Lindsey Morgan is an incredibly capable lead here and between this and her work on The 100, it’s no wonder that she recently landed another main series role over at The CW for their upcoming Walker: Texas Ranger reboot. Rose is a character who is walking around with a lot of baggage; from her traumatic early life to her otherworldly abilities to further traumas caused by her time as a soldier. It’s a very tropey character, but one that she brings to life in a believable fashion.

Supporting her we have deligtful scenery chewers like Alexander Siddig (Star Trek: Deep Space Nine) and Daniel Bernhardt (The Matrix Reloaded, Atomic Blonde), veteran character actor James Cosmo (Braveheart) in a mentorly role, and Rhona Mitra (Doomsday) being as stoic as ever. The latter two, along with the aforementioned Yayan Ruhian (The Raid), fill out the B plot that’s going on back on Earth as the space mission unfolds. If you’re going to have a side story that isn’t quite as interesting as everything else, you could certainly do far worse than having it center around those three.

Because of the nature of the “men on a mission” tropes that this film is playing around in, the story here has a slower start.
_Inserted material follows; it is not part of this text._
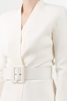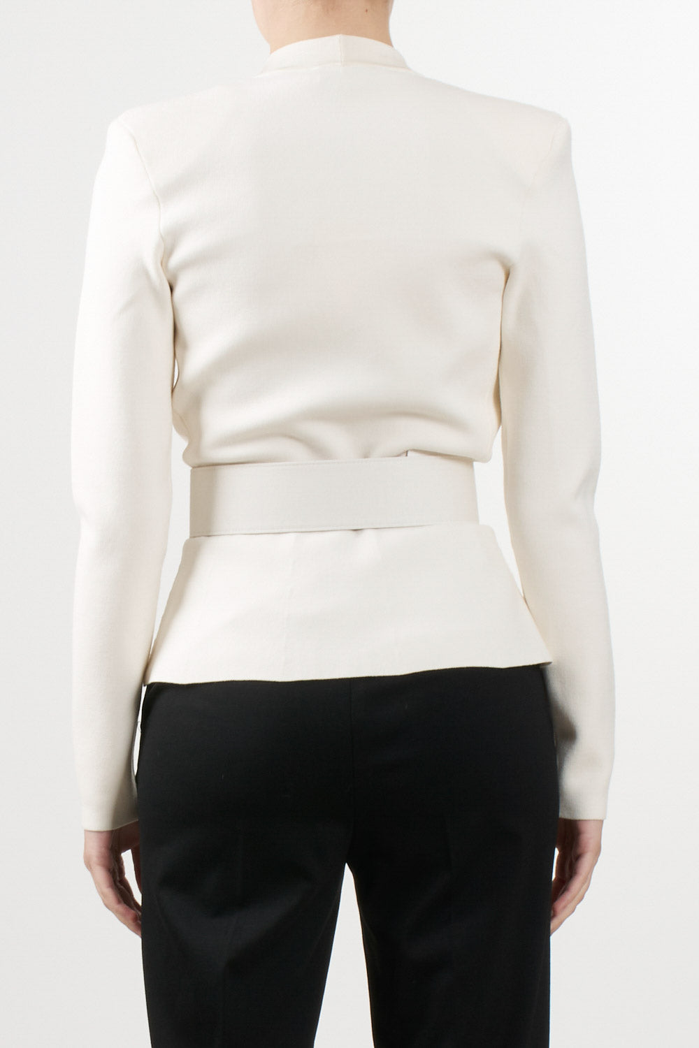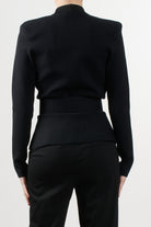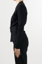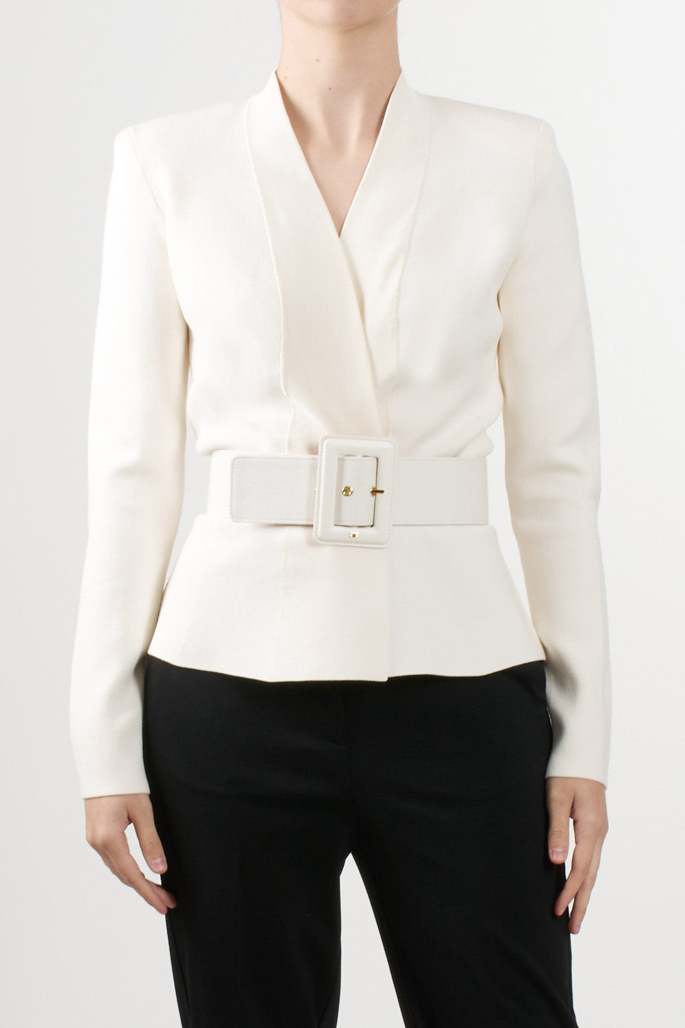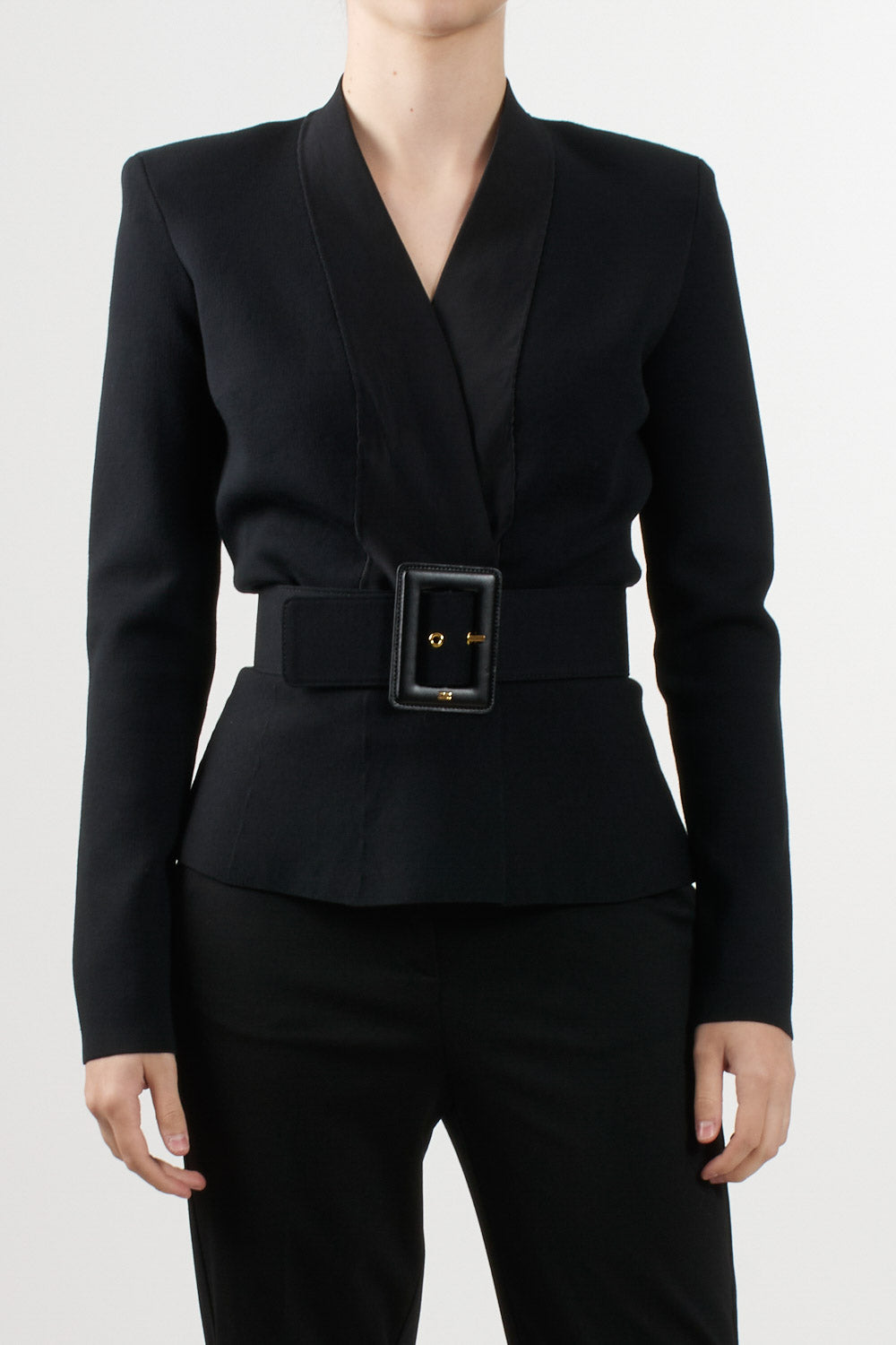 Knitted jacket by Elisabetta Franchi, made with a fabric stitch, featuring structured shoulders and lapels in shiny viscose, a matching belt with a micrologo buckle highlights the basque at the bottom

That might bug viewers who are sitting down with this expecting something more bonkers like Beyond, but I think it’s a benefit. It gives Skylines its own identity, instead of just being Beyond Part II. If the latter is what you were hoping for, you’re probably going to be disappointed by this film. The pacing is slower here and the storytelling is more traditional. You will be gifted with a few fun martial arts-laden sequences, but this film relies more on firefights and military tactics than it does on hand-to-hand combat.

Ultimately, I think I prefer the crazier flavors of Beyond Skyline, but that’s just personal taste. This is a worthy sequel and still superior to the first film. Liam O’Donnell has crafted a wild, monster-filled, adrenaline-charged sci-fi action franchise here that continues to offer up completely different tales each time out. That is something to be commended. Skylines is a trip worth taking and I hope that we get more from this series in the future.

Skylines is sci-fi action film and the third installment in Skyline franchise. It was written and directed by Liam O’Donnell. The film was produced by Matthew E. Chausse, Liam O’Donnell, Colin Strause, and Greg Strause. It stars Lindsey Morgan, Jonathan Howard, Alexander Siddig, Daniel Bernhardt, James Cosmo, Rhona Mitra, Ieva Andrejevaite, Samantha Jean, Giedre Mockeliunaite, Cha-Lee Yoon, Phong Giang, Jeremy Fitzgerald, Naomi Tankel, and Yayan Ruhian.